Thanks everyone Oh thanks for that Chris. I really need to find my way around this camera. I have not really changed much in the way of settings, and I need to I know.
Lovely birdy!
The best way to get better with your camera is practice! Take a zillion shots, and then try to figure out where they went right/wrong, and incorporate those lessons. Sounds like you have a DSLR now? The glory here is the only thing you lose to a bad exposure is a few seconds of your time, and you have a "captive" subject whom you can chase around the house to your desire. Here are some helpful hints based on this one you wished had come out.
The reason this one didn't come out is likely the back lighting. Notice the lamp in the background? Plus the open window? The camera is likely set to light meter the "entire frame" of the picture for light and average it out. Your window is perfectly exposed, the lamp is over exposed, and Pico is underexposed. Set your camera to "point" or "weighted center" metering. This means whichever auto-focus indicator lights up, it also uses for light metering. (You saved the paper manual right?
)
Next, turn the camera from "auto" to 'A'perature priority mode. This is that f/4.5 number you see kicking around on the outside of your lens and in your viewfinder. This is how "open" the shutter is when you take a picture, which translates to how much light is let in to the camera. Lower is more, but you will also have problems getting the whole beak in focus! Higher is smaller. (This mixes with shutter speed, or the length of time the shutter is held open at your fixed aperature size. Lower f-stops means higher shutter speeds, more stopped/sharper action!) Using whatever wheel you have, scroll until you are at around f/4.5, maybe 1-2 "stops" lower if your lens allows. Fiddle with this as you take pictures.

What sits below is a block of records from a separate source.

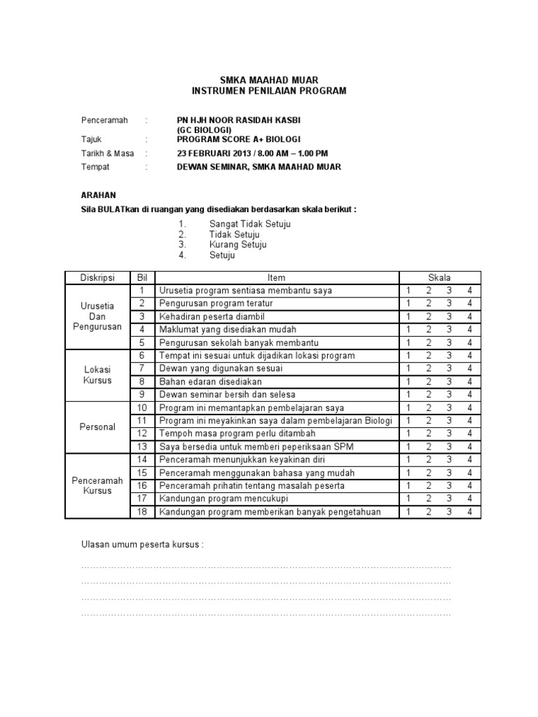 Doc Contoh Borang Penilaian Keberkesanan Latihan Dky Jerry Academia Edu
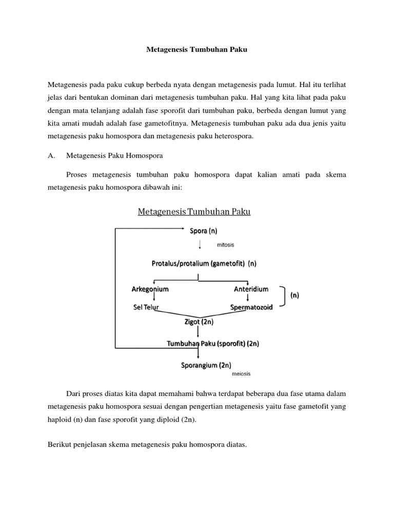 Paku peralihan (paku berumah dua) yaitu tumbuhan paku yang menghasilkan spora dengan bentuk yang sama, tetapi jenisnya berbeda (berkelamin jantan dan betina). Tumbuhan paku mengalami pergantian keturunan atau yang disebut sebagai metagenesis. Skema pergiliran keturunan (metagenesis) pada tumbuhan paku heterospora. Adapun skema metagenesis secara lengkap sebagai berikut. Ada yang namanya paku homospora, paku heterospora, dan paku peralihan. Skema metagenesis pada tumbuhan paku homospora. Dibawah ini adalah contoh skema metagenesis tumbuhan paku kayu dyroptery skema metagenesis tumbuhan paku kayu dryopterus dari gambar skema metagenesis paku diatas kalian dapat mempelajari dan memahami banyak hal salah satunya adalah penampakan anteridium dan arkegonium pada protalus atau protalium. Lakukan kajian literatur dari berbagai sumber yang ada mengenai metagenesis tumbuhan paku heterospora dan tumbuhan paku peralihan., kemudian buatlah skema metagenesis tumbuhan paku heterospora dan juga skema metagenesis tumbuhan paku peralihan. Skema metagenesis pada tumbuhan paku peralihan. Selain menggunakan spora, beberapa jenis tumbuhan paku bereproduksi vegetatif dengan beberapa cara berikut. Sel induk spora yang diploid akan mengalami pembelahan secara meiosis membentu k spora yang haploid (n). Berikut adalah bagan metagenesis tumbuhan paku. Umbi batang, misal marsilea crenata.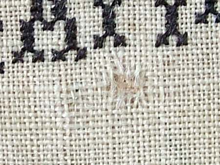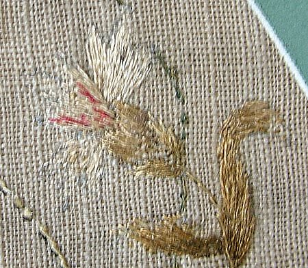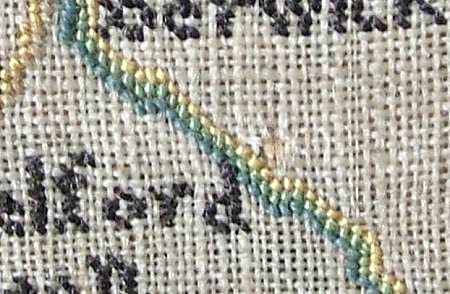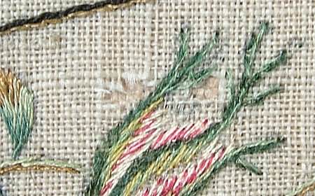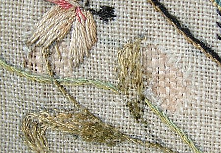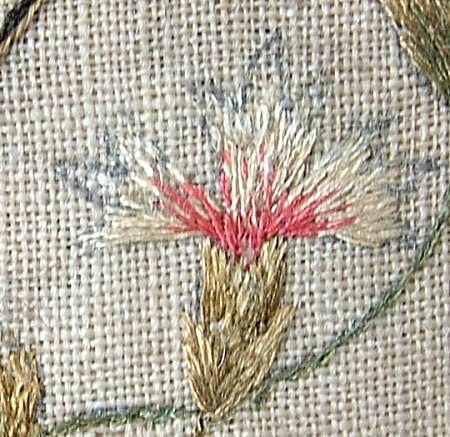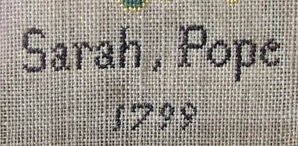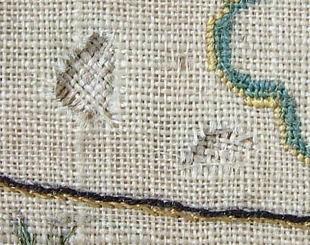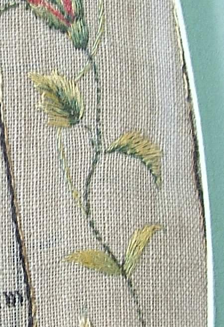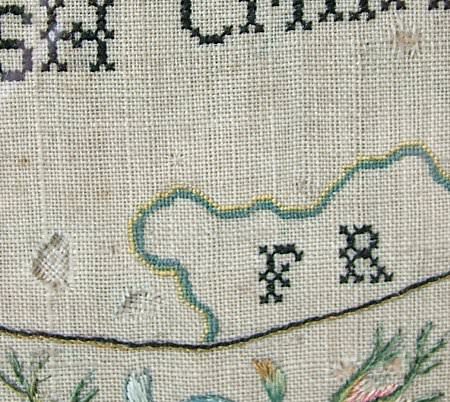 The sampler is worked in fine silk on linen ground, in a variety of stitches. Meandering floral border.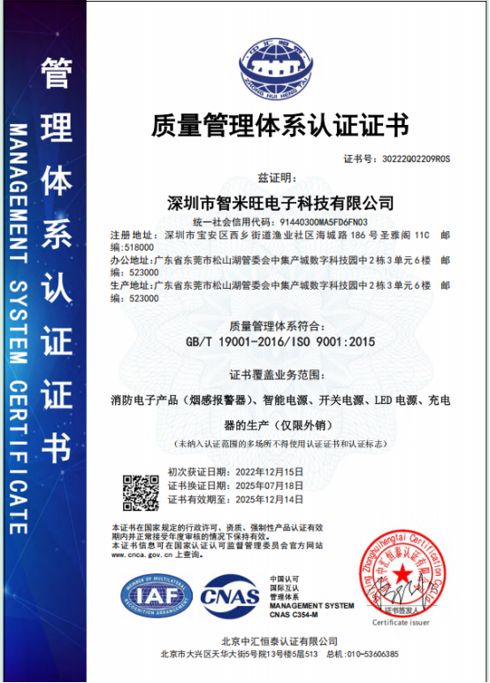 祝贺深圳智米旺取得质量和环境管理体系认证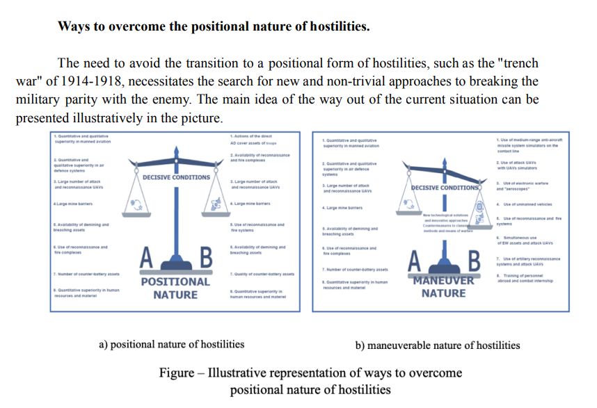 Необхідність уникнення переходу від позиційної форми до маневреної зумовлює пошук нових і нетривіальних підходів до порушення військового паритету з противником".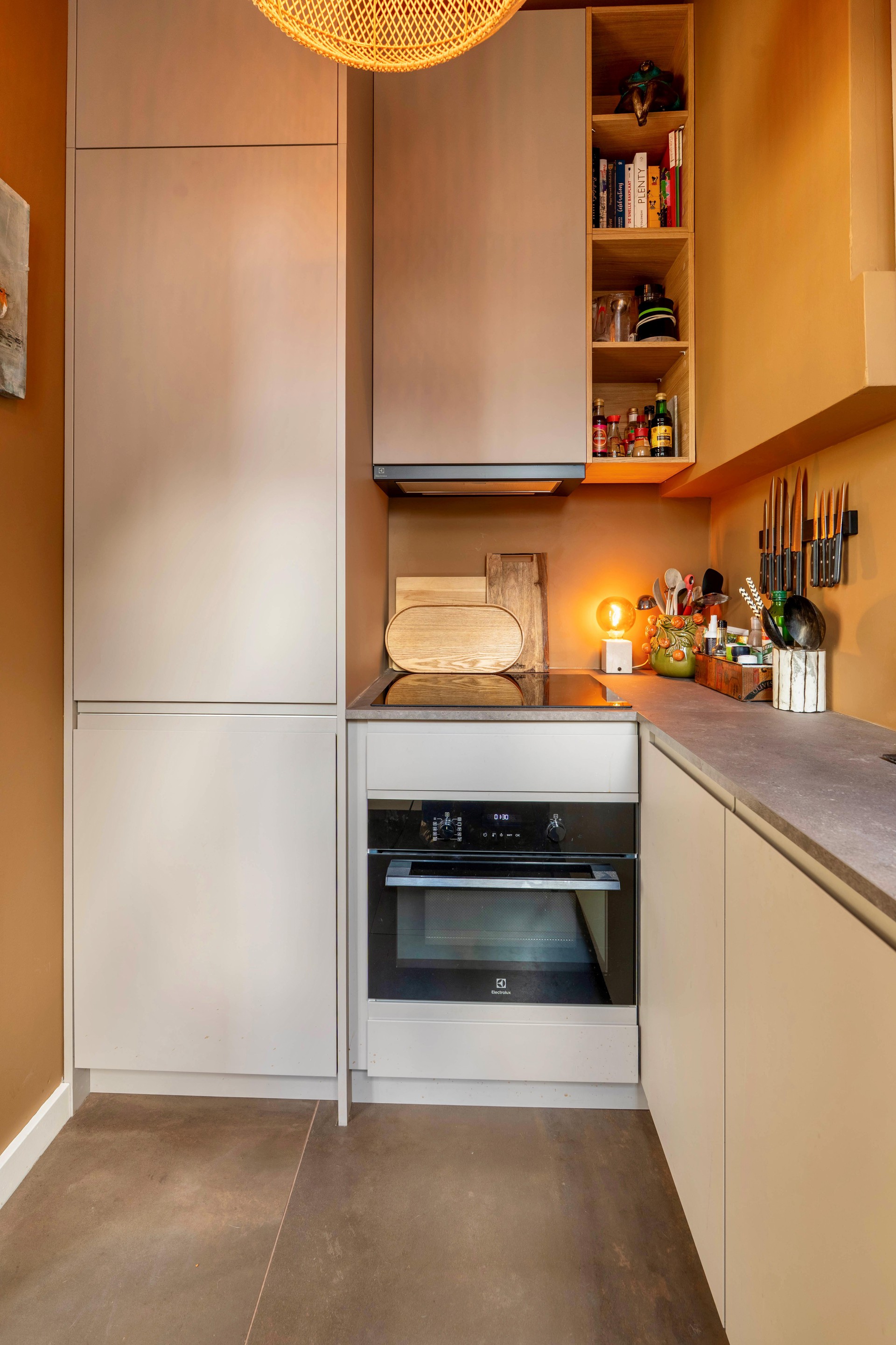 De halfopen keuken is recent volledig vernieuwd en uitgevoerd in een moderne en rustige stijl. Voorzien van diverse inbouwapparatuur, waaronder een elektrische kookplaat, oven, afzuigkap, koelkast, vaatwasser, wasmachine en Quooker. Praktisch ingedeeld en naadloos passend bij de uitstraling van de woning. De badkamer is eveneens recent vernieuwd en centraal gelegen. Uitgevoerd met een inloopdouche, toilet en wastafel. Fris, comfortabel en eigentijds afgewerkt.

After that, set your camera to multishot mode. Hold down the trigger, get several frames per second of pictures. It's great, and scares people who you loan your camera to who think they have broken it when they take 5 pictures of something.
If you aren't standing at least 1 meter away from your subject, do so! Don't use the zoom features here, you can always crop it down to get rid of the excess stuff in the frame. This also gives you more flexibility if birdo moves, which we all know they never do!